Background: Bevacizumab is a recombinant humanised monoclonal antibody to vascular endothelial growth factor shown to improve survival in advanced solid cancers. We evaluated the role of adjuvant bevacizumab in melanoma patients at high risk of recurrence.

Patients and methods: Patients with resected AJCC stage IIB, IIC and III cutaneous melanoma were randomised to receive either adjuvant bevacizumab (7.5 mg/kg i.v. 3 weekly for 1 year) or standard observation. The primary end point was detection of an 8% difference in 5-year overall survival (OS) rate; secondary end points included disease-free interval (DFI) and distant metastasis-free interval (DMFI). Tumour and blood were analysed for prognostic and predictive markers.

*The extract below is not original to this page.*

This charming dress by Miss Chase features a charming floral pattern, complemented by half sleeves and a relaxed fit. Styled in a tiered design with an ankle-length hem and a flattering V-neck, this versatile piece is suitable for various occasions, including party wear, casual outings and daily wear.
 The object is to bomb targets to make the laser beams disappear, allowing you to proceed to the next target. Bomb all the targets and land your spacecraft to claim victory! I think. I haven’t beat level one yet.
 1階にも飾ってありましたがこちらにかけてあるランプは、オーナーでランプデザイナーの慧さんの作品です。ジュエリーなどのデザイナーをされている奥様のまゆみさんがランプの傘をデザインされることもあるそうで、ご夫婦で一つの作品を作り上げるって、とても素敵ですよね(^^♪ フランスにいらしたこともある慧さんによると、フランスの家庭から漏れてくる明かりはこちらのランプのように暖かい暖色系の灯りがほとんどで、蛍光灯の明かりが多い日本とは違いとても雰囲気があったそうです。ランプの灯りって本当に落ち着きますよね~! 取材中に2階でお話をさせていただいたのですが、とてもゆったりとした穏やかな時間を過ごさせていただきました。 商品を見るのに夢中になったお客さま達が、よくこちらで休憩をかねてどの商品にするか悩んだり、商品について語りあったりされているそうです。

Results: Patients (n=1343) recruited between 2007 and 2012 were predominantly stage III (73%), with median age 56 years (range 18-88 years). With 6.4-year median follow-up, 515 (38%) patients had died [254 (38%) bevacizumab; 261 (39%) observation]; 707 (53%) patients had disease recurrence [336 (50%) bevacizumab, 371 (55%) observation]. OS at 5 years was 64% for both groups [hazard ratio (HR) 0.98; 95% confidence interval (CI) 0.82-1.16, P = 0.78). At 5 years, 51% were disease free on bevacizumab versus 45% on observation (HR 0.85; 95% CI 0.74-0.99, P = 0.03), 58% were distant metastasis free on bevacizumab versus 54% on observation (HR 0.91; 95% CI 0.78-1.07, P = 0.25). Forty four percent of 682 melanomas assessed had a BRAFV600 mutation. In the observation arm, BRAF mutant patients had a trend towards poorer OS compared with BRAF wild-type patients (P = 0.06). BRAF mutation positivity trended towards better OS with bevacizumab (P = 0.21).

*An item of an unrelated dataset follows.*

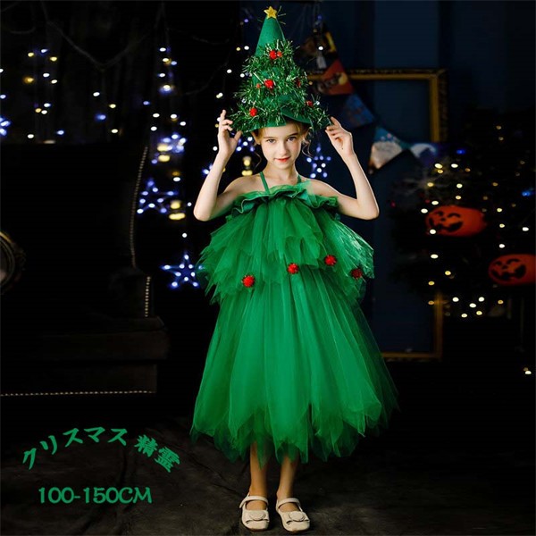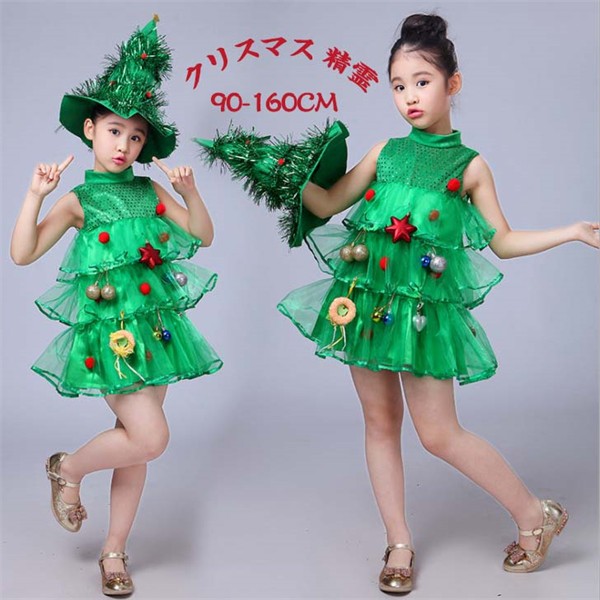 クリスマス サンタ 精霊衣装 子供コスプレ イベント パーティー クリスマスパーティー キッズ 女の子 可愛い コスチューム コスプレサンタ 女児 ワンピース グリーン aa075z7z7m5

Conclusions: Adjuvant bevacizumab after resection of high-risk melanoma improves DFI, but not OS. BRAF mutation status may predict for poorer OS untreated and potential benefit from bevacizumab.

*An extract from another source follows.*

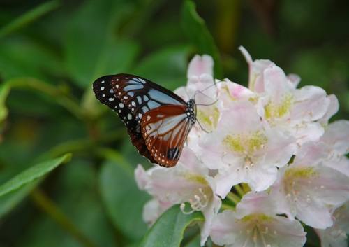こちらは夏の富士山御中道を巡視中の出会いの一コマです。(本当は構図違いの別の写真を提出する予定でしたが、間違ってこちらを出してしまいました。少しピントがあっていないのはご愛敬ということでお許しください・・・。)すぐ近くで忙しそうに蜜を吸っているアサギマダラと満開のハクサンシャクナゲに見入ってしまいました。どちらも富士山で会うのが毎年楽しみです。
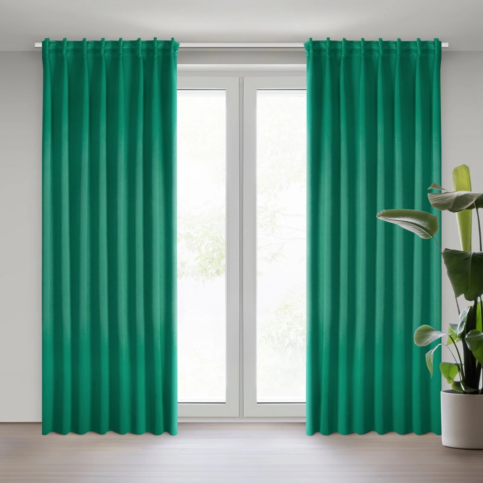 - Zasłona zaciemniająca jednokolorowa z taśmą do szyn sufitowych szerokość: 140 cm, długość: 300 cm, kolor: ciemnozielony, Gramatura: 210 GSM, Skład: 100% poliester

Clinical Trial Information: ISRCTN 81261306; EudraCT Number: 2006-005505-64.

Original language	English
Pages (from-to)	1843-1852
Number of pages	10
Journal	Annals of Oncology
Volume	29
Issue number	8
Early online date	13 Jul 2018
DOIs	https://doi.org/10.1093/annonc/mdy229
Publication status	Published - Aug 2018

Keywords

Adjuvant therapy
Bevacizumab
Melanoma

ASJC Scopus subject areas

Hematology
Oncology

UN SDGs

This output contributes to the following UN Sustainable Development Goals (SDGs)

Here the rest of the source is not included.